Taxpayer/Renter Backlash Builds re: Proposed Gov't Bailout

A number of websites have popped up that provide an avenue for angry homeowners, renters, taxpayers, etc. to speak out about a government housing bailout proposal that is making its way through Congress. P2P-Loans.com generally believes that the market needs to run its course so that we can return to more normal times. While there are certainly instances where borrowers were mislead or taken advantage of in the boom times, the overwhelming majority of buyers knew what they were getting into when they bought in the boom times (they simply hoped and believed that the value of the asset they purchased would keep going up - now clearly a flawed assumption). The sites speaking on this cause are below and there is even a petition to sign if you feel strongly about this issue. You decide if it's fair for taxpayers to cushion the blow that is currently being felt by lenders, homebuilders and borrowers alike. Hey, my stock portfolio is down this year, will the gov't please consider covering some of my losses, too? When do people start to take responsibility for their own decisions and not rely on the government to bail them out when they get into trouble? I welcome a likely dialogue on this topic.

Visit:
http://www.angryrenter.com/
or
http://www.nationalbubble.com/stopthebailout/

Friday, April 18, 2008

Tax Payer ALERT! The Gov't Wants To Bail Out Troubled Homeowners

Is there a tax-payer funded (err... "government sponsored") bailout coming for honeowners?
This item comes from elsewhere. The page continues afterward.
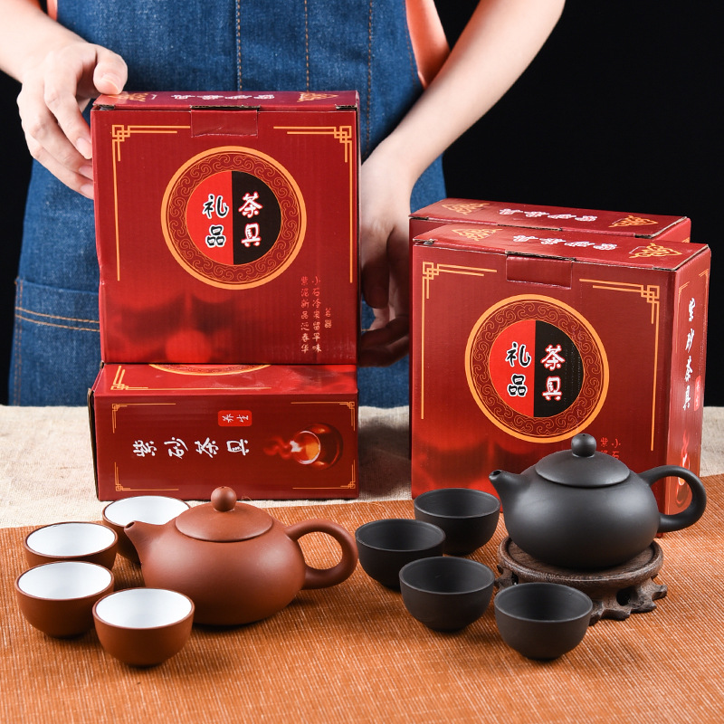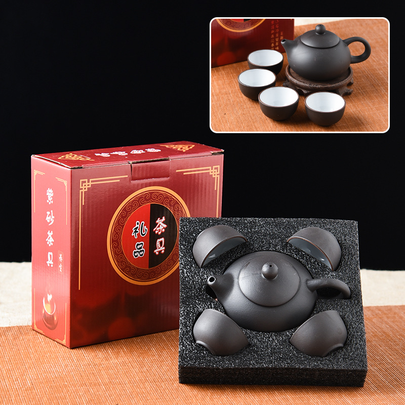 厂家批发紫砂功夫茶具全套一壶四杯加厚陶瓷茶壶可加logo礼品盒

Momentum appears to be building for a broad-based program to bail out folks that bought homes in the boom times and can no longer afford to make their payments (e.g. are approaching or are already in foreclosure proceedings). This has been a topic of much debate. For those that made smart, sound financial decisions (e.g. didn't borrow more than they could afford to pay back, and read the fine print on their mortgage documents, etc.), this seems like it might be unfair since the taxpayers will potentially be bailing out these folks. But, as the outline below reflects, the current debate in Congress revolves around structuring a compromise that enables any eventual program to pay for itself. P2P-Loans.com is encouraged by some of the provisions being discussed (especially the payment of insurance premiums to the FHA and a sharing in any equity gains to homeowners upon a sale). We would hope that the equity gain sharing is substantial and not a pittance given any gain will be made entirely on the backs of tax payers (errr...the "government-sponsored" program). Generally speaking, the government has a terrible track record on projects like this (they underestimate the total costs, botch the execution and mess up a market-based system that works pretty well in the long run).

Here is a summary (from an article at Money.com) of what's being debated (P2P-Loans.com will report back on this issue once a program is passed):

While critics worry that an FHA rescue plan could amount to a bailout, supporters say it's not since everyone involved - lenders, borrowers and mortgage investors - would make a sacrifice.

Lenders get 100% backing from the FHA if a loan goes south. In exchange, the lender takes a "haircut" - reducing the principal owed and converting adjustable-rate loans to fixed-rate mortgages.

Borrowers get to keep their homes, but they would pay a premium to the FHA for the mortgage insurance and they would have to give a small portion of their equity to the FHA when the house is sold. They would also have to show they can afford the newly refinanced loan.

Mortgage investors - while they would sacrifice some future income from loans that have been reduced - would have more confidence investing in the new loans since the refinanced loans will be affordable and the borrower therefore will be more likely to pay them back.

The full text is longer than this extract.